Watched this video right before I saw it was posted here and I am... amazed, honestly. It's made me totally rethink how the Wistanians view family. I'll be mulling this over for a few days or weeks.
That is so very interesting!!
And truthfully I never ever once thought about a kinship system. According to that video I tend to gravitate to the Intuit System but in my latest conlanging venture I definitely have to switch it up a little bit because the culture is a little bit different.

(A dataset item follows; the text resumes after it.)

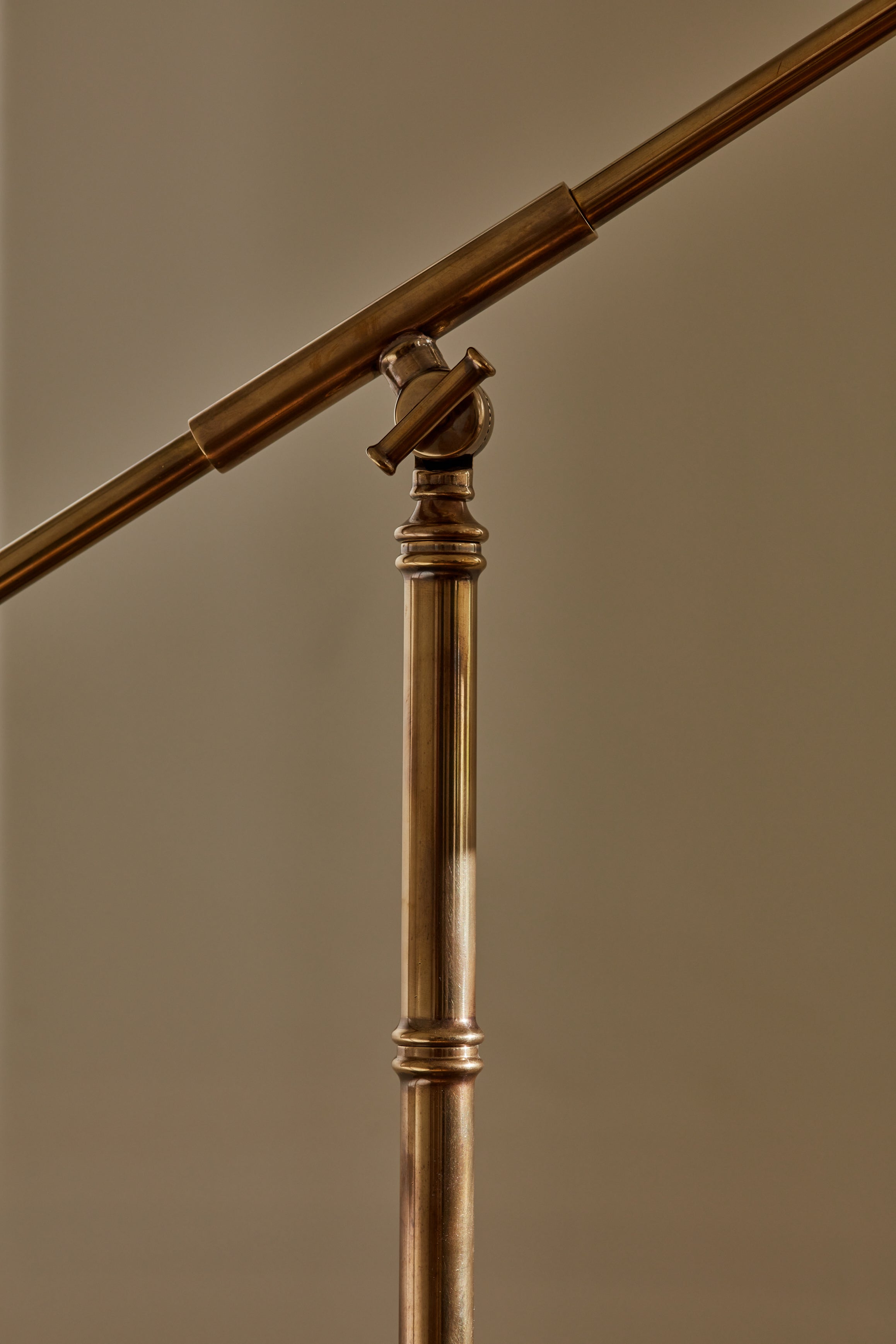 The stem, shaped to echo the rhythm and texture of bamboo, is crafted in antiqued brass and set into a simple, weighty base.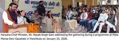 Earlier, Chief Minister Sh Nayab Singh Saini, accompanied by his wife Smt. Suman Saini, served cows at the Mata Mansa Devi Gaudham by feeding them fodder and jaggery and seeking their blessings. He also performed Gau Pujan (cow worship) on the occasion.

Thanks for sharing this video with us!!
It's interesting that although English is my first language, I gravitate more toward the Sudanese kinship system
Sadly, my conculture is too wacky for me to be able to draw a diagram. I tried my best yesterday, but just failed completely. The culture features group-marriage and there are all sorts of rules governing who's married to who and who is whose child etc. I think I'll try to draw a series of diagrams sometime.
For Kythusave:
'~na' : masculine suffix
'~va' : feminine suffix
'ras' : sibling
'cög' : parent
'nüp' : child
'sül' : spouse
'pëho' : one who is family / relative (generic)
The language is aglutinating so distant relatives can be referenced by repeating the words.
'cögnacögna' : fatherfather : grandfather
'rasvasülna' : sisterspouse : brother-in-law
Mayala uses an Inuit kinship system, but each term has a gender, so cousin is not a word, but rather female-cousin and male-cousin are.
Rén-uo uses a Sudanese kinship system. Family through marriage has it's own terms as well. A lot of people in my fictional world call close friends, grandma/grandpa, aunts/uncles, or brother/sister though so it might get confusing. If my mom had a close friend, I would call her my aunt on my mother's side while she would call her, her sister of course. I did this just so I could speak, because this is exactly what my family does. Is my cousin even related to me? Who knows?
The system of my language differentiates generations, and only define direct lineage. Only first cousins are considered family enough to have a word, and it’s the same word as for a sibling.
Parents and aunts/uncles have one word. Siblings have one word. Offspring have one word. To make parent into grandparent, you add a prefix that means more. To make a child a grandchild you add a prefix that means less. If it’s a great grandparent you use the prefix twice. It continues on by generation.